» Data to process
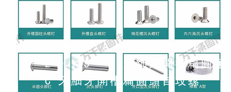 – ASME)(美標) BS (英制) IFI =Industrial Fastener Institute是美國工業(yè)緊固件協(xié)會的標準 BA (英制) 2 螺紋 M. MF (公制牙) UNC.(美制粗牙) UNF (美制細牙) UNEF (美制超細牙) B.S.W. 標準惠氏粗牙 自切自攻螺釘有以下幾種型式:十字槽盤頭自切自攻螺釘,十字槽沉頭自切自攻螺釘。十字槽半沉頭自切自攻螺釘,六角頭自切自攻螺釘。3、自擠自攻螺釘(自攻鎖緊螺釘)自擠自攻螺釘?shù)穆菁y一般為機螺紋,很少采用自攻螺紋。在扳擰
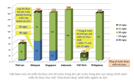 Trên thực tế, chính sách về cấp hay miễn visa của Việt Nam vẫn được đánh giá là còn nhiều hạn chế. Báo cáo vừa được công bố của Nhóm công tác Du lịch của Diễn đàn doanh nghiệp Việt Nam (VBF) 2018 cũng cho thấy, trong khối ASEAN, số lượng các quốc gia được miễn thị thực của Việt Nam chỉ đứng trên Lào, Campuchia, Myanmar và bị bỏ rất xa bởi những cái tên khác.
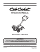 Safe Operation Practices • Set-Up • Operation • Maintenance • Service • Troubleshooting • Warranty Operator’s Manual Rear Tine Tiller — Model RT 35 WARNING READ AND FOLLOW ALL SAFETY RULES AND INSTRUCTIONS IN THIS MANUAL BEFORE ATTEMPTING TO OPERATE THIS MACHINE. FAILURE TO COMPLY WITH THESE INSTRUCTIONS MAY RESULT IN PERSONAL INJURY. CUB CADET LLC, P.O. BOX 361131 CLEVELAND, OHIO 44136-0019 Printed In USA Form No.
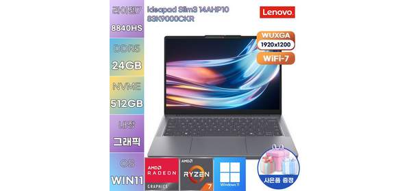 레노버 아이디어패드 Slim3 14AHP10 83K9000CKR R7-8840HS Radeon 760M WIN11 설치 사무용 업무용 노트북, WIN11 Pro, 24GB, 512GB
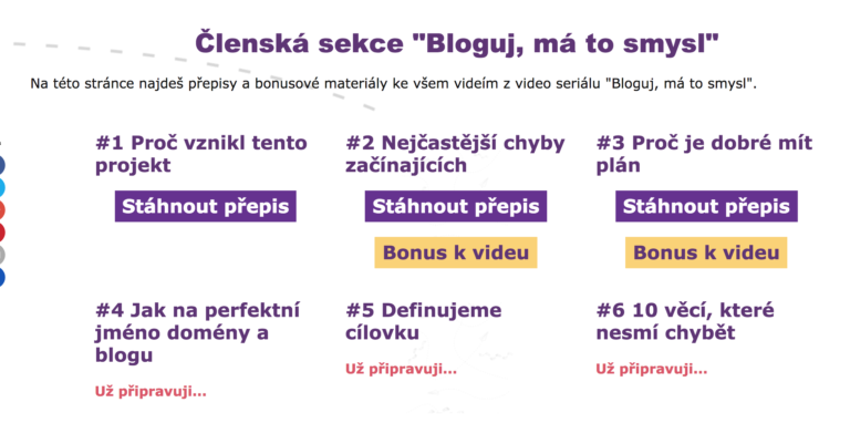 Členská sekce je skvělým doplňkem pro všechny, co poslouchají na YouTube video seriál \"Bloguj, má to smysl\", ale potřebují poznámky v textové podobě. Můžeš si vypracovat cvičení, podtrhat důležité pojmy, najít další zdroje ke studiu. Díky vyhledávání v textu se tak snadno a rychle vrátíš ke staré látce. To se totiž ve videu těžce dělá. Tam těžce dohledáš, kde jsem co zmiňovala.
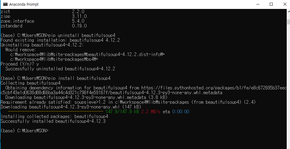 pip install / uninstall (라이브러리 이름) : 파이썬 라이브러리 설치 및 제거 가능
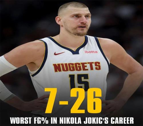 大概是什么概念呢?約基奇本場投籃26中7,命中率僅為26.9%,刷新了個人生涯季后賽的最低紀錄。
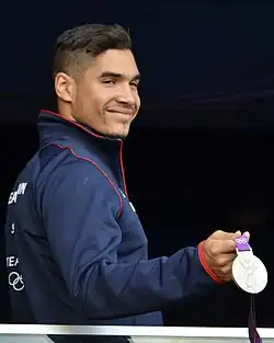 Smith was part of the Great Britain team at the London Olympics. The team won a bronze medal at the men's artistic team all-around event on 30 July 2012, marking the first team medal for a British Olympic gymnastics team in 100 years.[14] Smith also won the silver medal in the men's pommel horse final, receiving the same score as Berki; Berki, however, was awarded the gold medal due to having a higher execution score.[15] This was especially crushing to the home nation as this could have been Great Britain's first ever Olympic gold medal in gymnastics but Smith said, "I set out to do the best routine of my life and I achieved it so I have to be satisfied".[9]
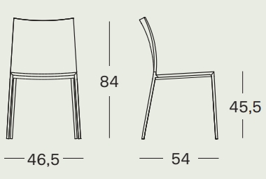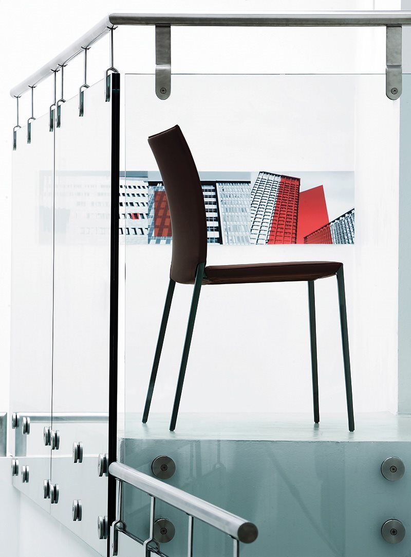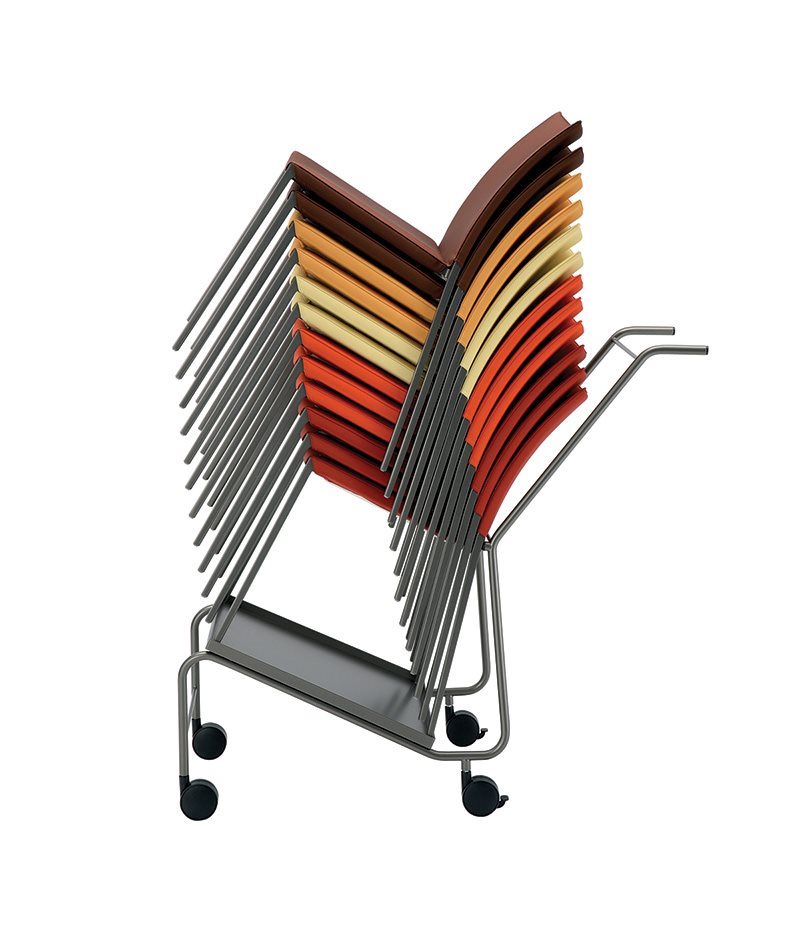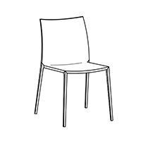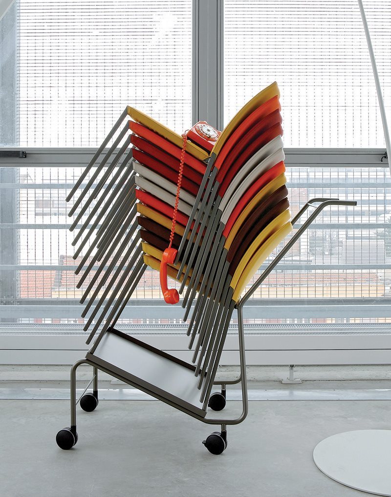 可堆叠椅子。 铝合金框架结构,抛光或喷漆,有黑、石墨黑、白三款色调。 椅座和靠背包覆聚氨酯衬垫。 布料或真皮护套可拆卸,牛皮护套不可拆卸。 可按需提供两个不固定护套:材质为纯白棉,短护套包覆椅座和靠背,长护套包覆椅腿。 按需提供搬运可堆叠椅子(最多15张椅子)的推车。
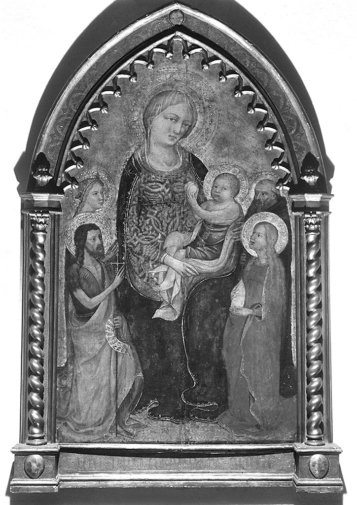 Opera di Ventura di Moro, un artista fiorentino ampiamente documentato dalle fonti (1395/1402 – 1486). Un tempo era noto come Pseudo Ambrogio di Baldese; è stato però identificato da Enzo Carli nel 1972 attraverso la lettura del nome del pittore sul manto della piccola Madonna con Bambino proveniente dal convento di Santa Maria Maddalena di Siena ed ora nella locale Pinacoteca Nazionale. Oggi però l’attribuzione di alcune opere, in passato attribuite a Ventura, è stata rivista a favore di Lippo di Andrea.
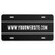This promotional license plate is black. There's also white display text that you can replace with custom text such as your web address.
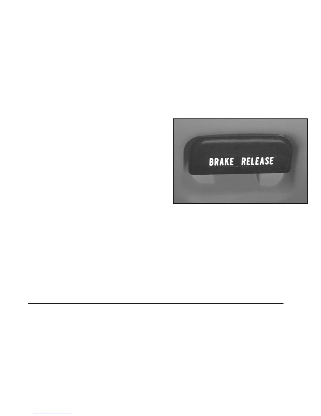 pedal down. Pull the BRAKE RELEASE lever fully. It is
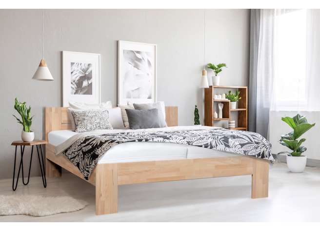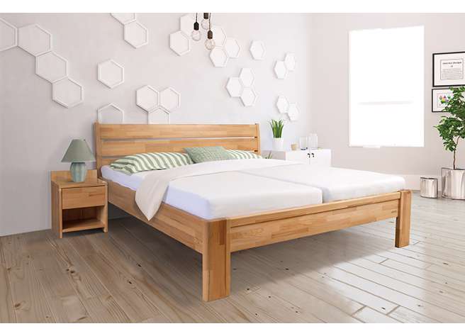 Postel vyrobena z bukového masivu. Nohy z 30mm masivu a vodorovné výplně 30mm. Všechny vnější hrany postele zaoblené. Možnost polohování výšky uložení roštu. Povrchově upraveno bezbarvým UV lakem s vysokou odolností a barevnou stálostí s možností moření. T ...
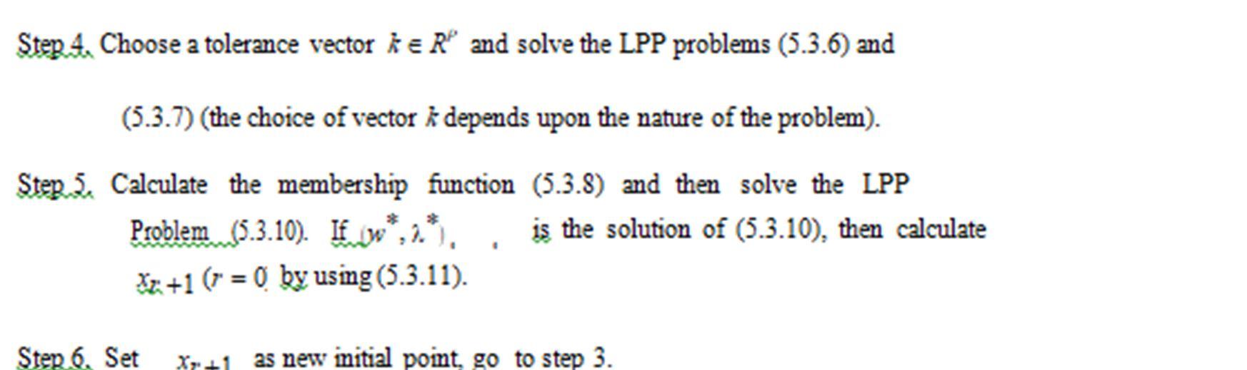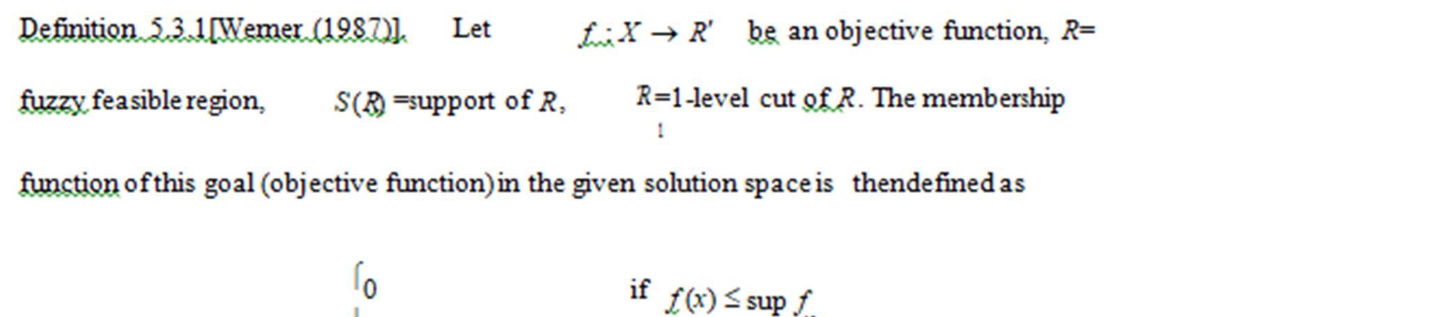 Here, we shall present a model that is particularly suitable for the type of linear programming model (5.3.4) in fuzzy environment which seem to have some advantages [Werners (1987)]. Werner (1987) suggested the following definition.
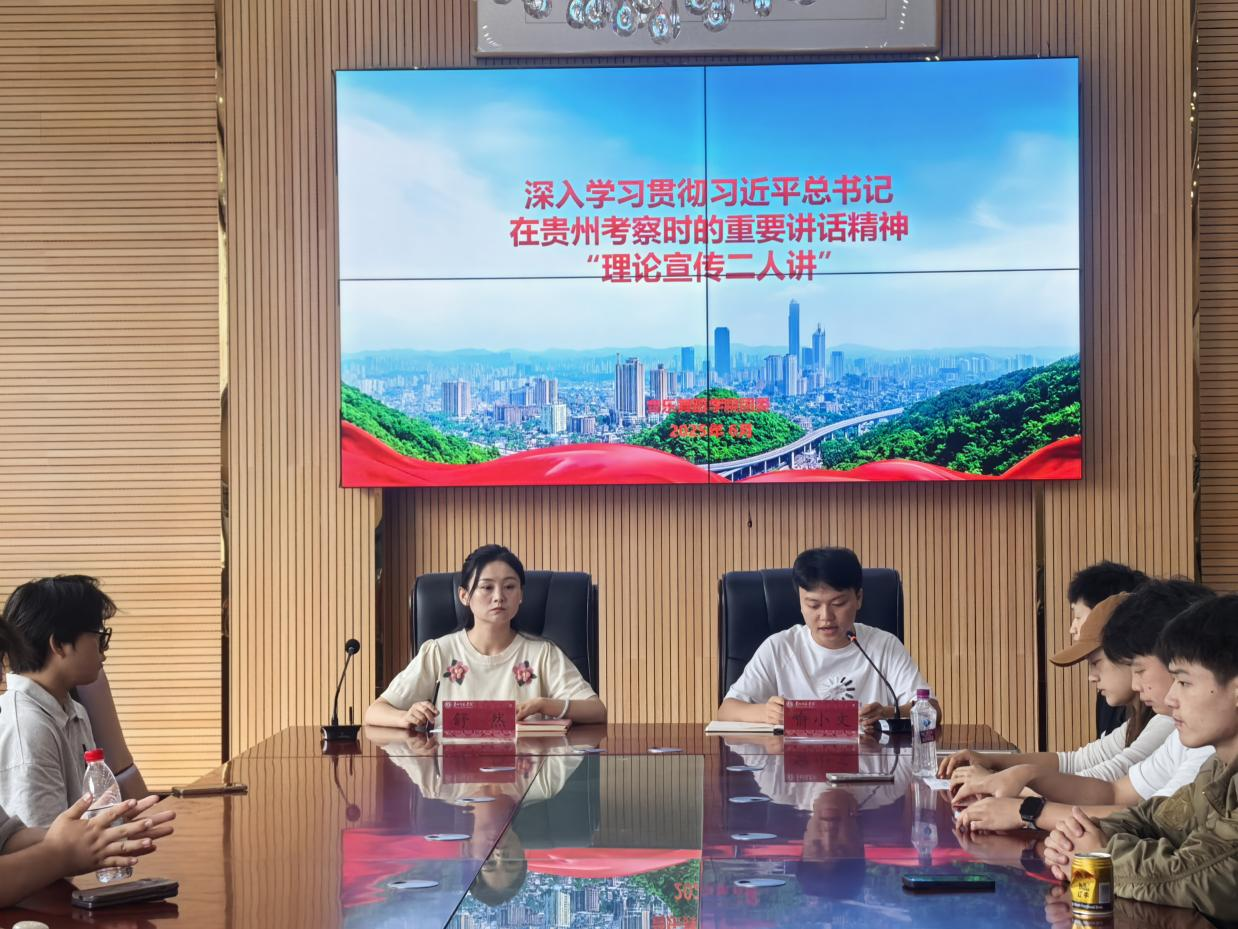 为进一步推动党的创新理论深入人心,6月20日,williamhill英国官网团委在6楼会议室开展了深入学习贯彻习近平总书记在贵州考察时的重要讲话精神第二轮集中宣讲暨“理论宣传二人讲”活动。公司团委书记舒然与团委员工副书记喻小文担任主讲人,各班团支书及团委员工会干部代表参会。
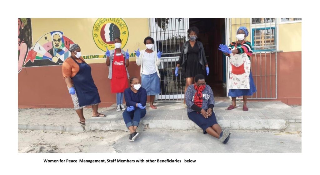 On behalf of our organisation, i would like to extend our gratitudes, joy and happiness for the great food donation towards our Soup kitchen program as from last week. This donation was well received and appreciated by the Management, staff and beneficiaries Women for Peace and this is a great support to us as we are working very hard since the National lockdown has been announced in March. We have decided to stand up, not to fold our hands during this sad time of Covid -19 pandemic attack around the world.
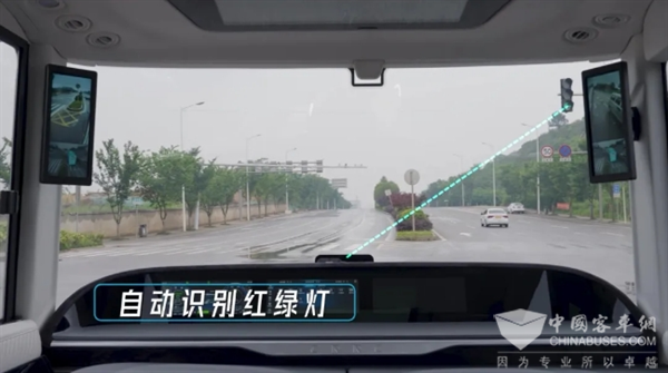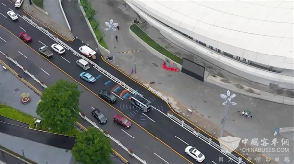 因此,在无人操作的情况下,这台微循环巴士自动调节着转向角度,识别周边情况,在道路上正常开行。

» What you will do
All of the data above needs to be given again exactly. Leave out each image.

» Task solution
 – ASME)(美標) BS (英制) IFI =Industrial Fastener Institute是美國工業(yè)緊固件協(xié)會的標準 BA (英制) 2 螺紋 M. MF (公制牙) UNC.(美制粗牙) UNF (美制細牙) UNEF (美制超細牙) B.S.W. 標準惠氏粗牙 自切自攻螺釘有以下幾種型式:十字槽盤頭自切自攻螺釘,十字槽沉頭自切自攻螺釘。十字槽半沉頭自切自攻螺釘,六角頭自切自攻螺釘。3、自擠自攻螺釘(自攻鎖緊螺釘)自擠自攻螺釘?shù)穆菁y一般為機螺紋,很少采用自攻螺紋。在扳擰
 Trên thực tế, chính sách về cấp hay miễn visa của Việt Nam vẫn được đánh giá là còn nhiều hạn chế. Báo cáo vừa được công bố của Nhóm công tác Du lịch của Diễn đàn doanh nghiệp Việt Nam (VBF) 2018 cũng cho thấy, trong khối ASEAN, số lượng các quốc gia được miễn thị thực của Việt Nam chỉ đứng trên Lào, Campuchia, Myanmar và bị bỏ rất xa bởi những cái tên khác.
 Safe Operation Practices • Set-Up • Operation • Maintenance • Service • Troubleshooting • Warranty Operator’s Manual Rear Tine Tiller — Model RT 35 WARNING READ AND FOLLOW ALL SAFETY RULES AND INSTRUCTIONS IN THIS MANUAL BEFORE ATTEMPTING TO OPERATE THIS MACHINE. FAILURE TO COMPLY WITH THESE INSTRUCTIONS MAY RESULT IN PERSONAL INJURY. CUB CADET LLC, P.O. BOX 361131 CLEVELAND, OHIO 44136-0019 Printed In USA Form No.
 레노버 아이디어패드 Slim3 14AHP10 83K9000CKR R7-8840HS Radeon 760M WIN11 설치 사무용 업무용 노트북, WIN11 Pro, 24GB, 512GB
 Členská sekce je skvělým doplňkem pro všechny, co poslouchají na YouTube video seriál \"Bloguj, má to smysl\", ale potřebují poznámky v textové podobě. Můžeš si vypracovat cvičení, podtrhat důležité pojmy, najít další zdroje ke studiu. Díky vyhledávání v textu se tak snadno a rychle vrátíš ke staré látce. To se totiž ve videu těžce dělá. Tam těžce dohledáš, kde jsem co zmiňovala.
 pip install / uninstall (라이브러리 이름) : 파이썬 라이브러리 설치 및 제거 가능
 大概是什么概念呢?約基奇本場投籃26中7,命中率僅為26.9%,刷新了個人生涯季后賽的最低紀錄。
 Smith was part of the Great Britain team at the London Olympics. The team won a bronze medal at the men's artistic team all-around event on 30 July 2012, marking the first team medal for a British Olympic gymnastics team in 100 years.[14] Smith also won the silver medal in the men's pommel horse final, receiving the same score as Berki; Berki, however, was awarded the gold medal due to having a higher execution score.[15] This was especially crushing to the home nation as this could have been Great Britain's first ever Olympic gold medal in gymnastics but Smith said, "I set out to do the best routine of my life and I achieved it so I have to be satisfied".[9]
 可堆叠椅子。 铝合金框架结构,抛光或喷漆,有黑、石墨黑、白三款色调。 椅座和靠背包覆聚氨酯衬垫。 布料或真皮护套可拆卸,牛皮护套不可拆卸。 可按需提供两个不固定护套:材质为纯白棉,短护套包覆椅座和靠背,长护套包覆椅腿。 按需提供搬运可堆叠椅子(最多15张椅子)的推车。
 Opera di Ventura di Moro, un artista fiorentino ampiamente documentato dalle fonti (1395/1402 – 1486). Un tempo era noto come Pseudo Ambrogio di Baldese; è stato però identificato da Enzo Carli nel 1972 attraverso la lettura del nome del pittore sul manto della piccola Madonna con Bambino proveniente dal convento di Santa Maria Maddalena di Siena ed ora nella locale Pinacoteca Nazionale. Oggi però l’attribuzione di alcune opere, in passato attribuite a Ventura, è stata rivista a favore di Lippo di Andrea.
This promotional license plate is black. There's also white display text that you can replace with custom text such as your web address.
 pedal down. Pull the BRAKE RELEASE lever fully. It is
 Postel vyrobena z bukového masivu. Nohy z 30mm masivu a vodorovné výplně 30mm. Všechny vnější hrany postele zaoblené. Možnost polohování výšky uložení roštu. Povrchově upraveno bezbarvým UV lakem s vysokou odolností a barevnou stálostí s možností moření. T ...
 Here, we shall present a model that is particularly suitable for the type of linear programming model (5.3.4) in fuzzy environment which seem to have some advantages [Werners (1987)]. Werner (1987) suggested the following definition.
 为进一步推动党的创新理论深入人心,6月20日,williamhill英国官网团委在6楼会议室开展了深入学习贯彻习近平总书记在贵州考察时的重要讲话精神第二轮集中宣讲暨“理论宣传二人讲”活动。公司团委书记舒然与团委员工副书记喻小文担任主讲人,各班团支书及团委员工会干部代表参会。
 On behalf of our organisation, i would like to extend our gratitudes, joy and happiness for the great food donation towards our Soup kitchen program as from last week. This donation was well received and appreciated by the Management, staff and beneficiaries Women for Peace and this is a great support to us as we are working very hard since the National lockdown has been announced in March. We have decided to stand up, not to fold our hands during this sad time of Covid -19 pandemic attack around the world.
 因此,在无人操作的情况下,这台微循环巴士自动调节着转向角度,识别周边情况,在道路上正常开行。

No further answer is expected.